» **To do**: The whole listing is to be given again without alteration, except that its pictures are dropped.

» **Data excerpt**:
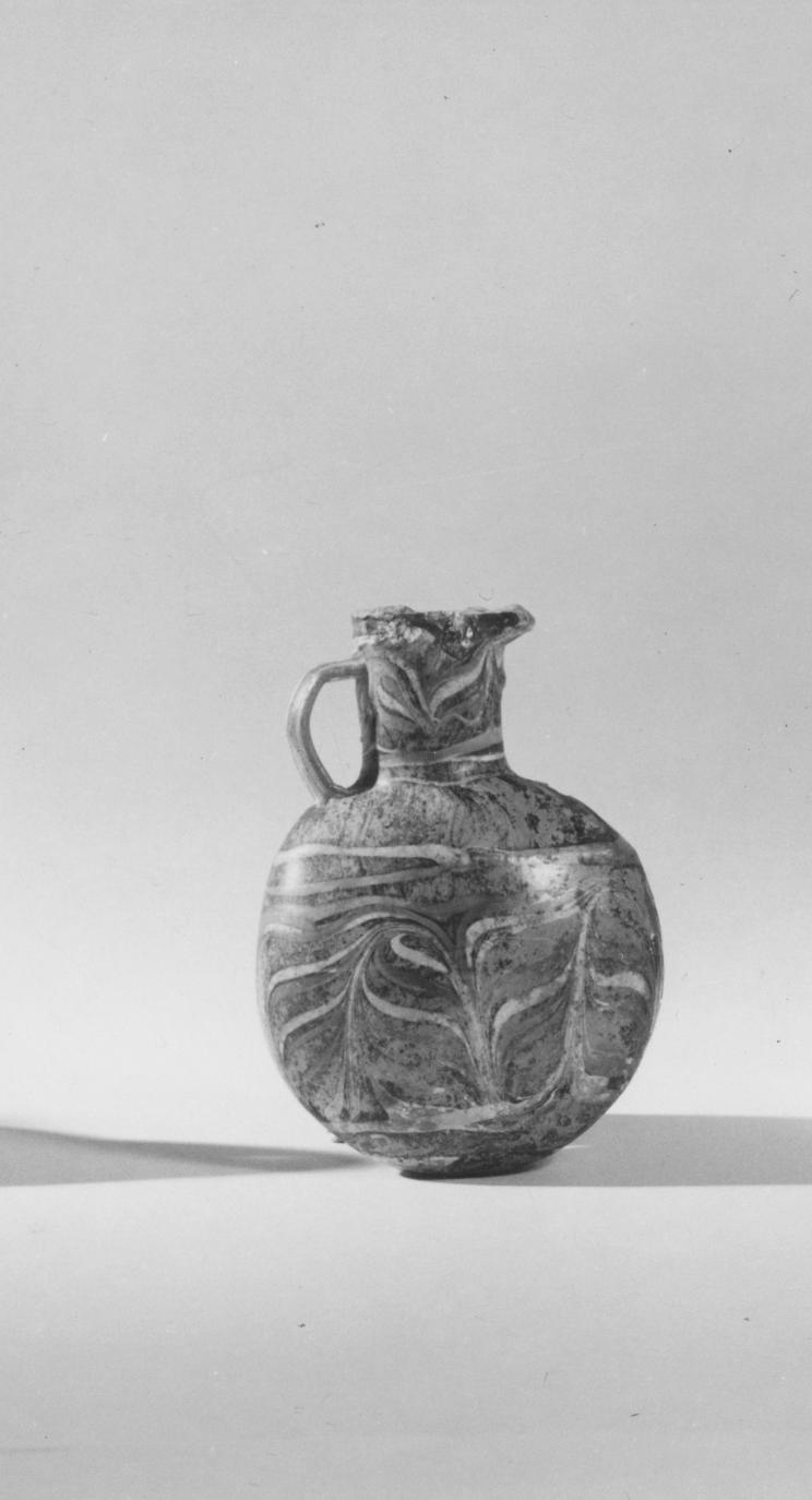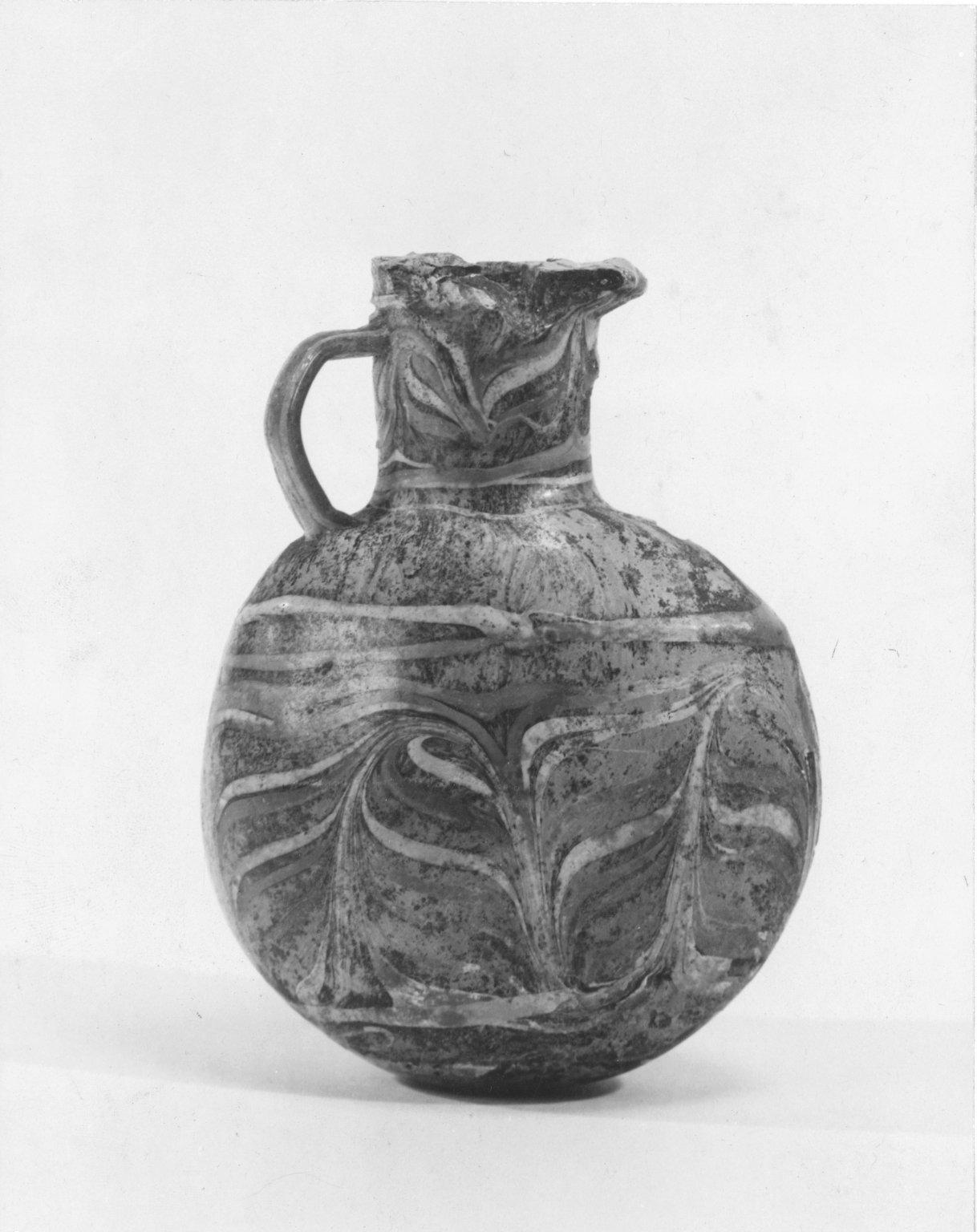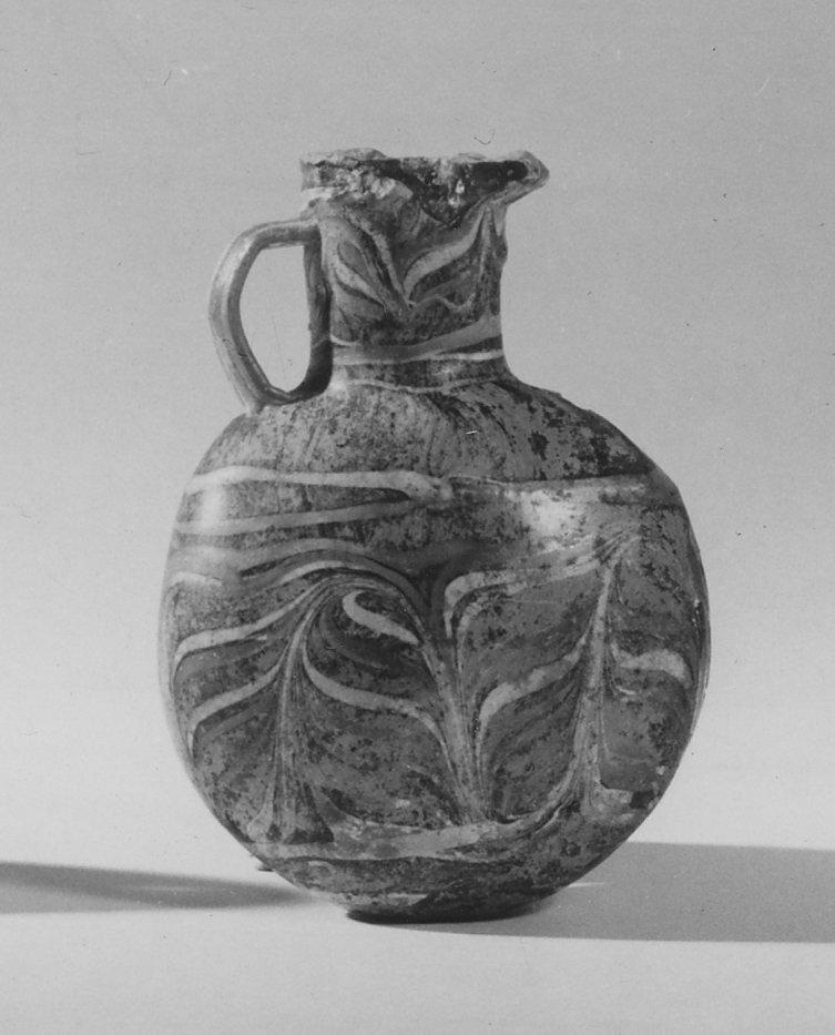 The Egyptians began manufacturing glass vessels during the Eighteenth Dynasty reign of Thutmose III (circa 1479–1425 B.C.E.). Early examples, valued for their rarity and beauty, were luxury items used to store precious oils and perfumes. Craftsmen produced striking effects by adding threads of colored glass to a vessel’s surface while it was still hot and then dragging a pointed object across the surface to produce festooned patterns. The artist who made the fish flask shown here indicated the animal’s scales by pressing blue powdered glass down into the interior.
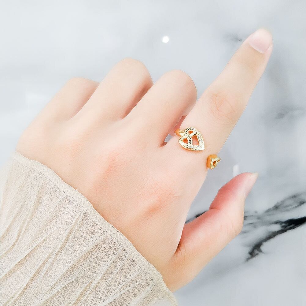 LIVVY ミニマリスト中空ハートリングチャームガールスパークリングジルコンウェディングパーティージュエリー 指輪
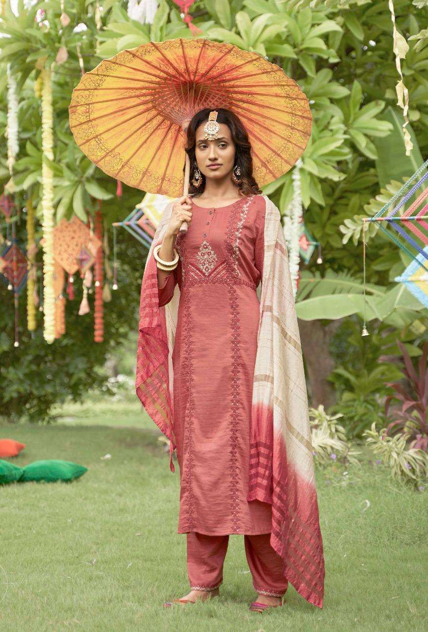 *Celebration (Rs2180)* Fabric : vichitra dyed./ fancy padding / coding spun. Blouse : heavy embroidery work silk base. 8 Designs |

» **Exercise output**:
 The Egyptians began manufacturing glass vessels during the Eighteenth Dynasty reign of Thutmose III (circa 1479–1425 B.C.E.). Early examples, valued for their rarity and beauty, were luxury items used to store precious oils and perfumes. Craftsmen produced striking effects by adding threads of colored glass to a vessel’s surface while it was still hot and then dragging a pointed object across the surface to produce festooned patterns. The artist who made the fish flask shown here indicated the animal’s scales by pressing blue powdered glass down into the interior.
 LIVVY ミニマリスト中空ハートリングチャームガールスパークリングジルコンウェディングパーティージュエリー 指輪
 *Celebration (Rs2180)* Fabric : vichitra dyed./ fancy padding / coding spun. Blouse : heavy embroidery work silk base. 8 Designs |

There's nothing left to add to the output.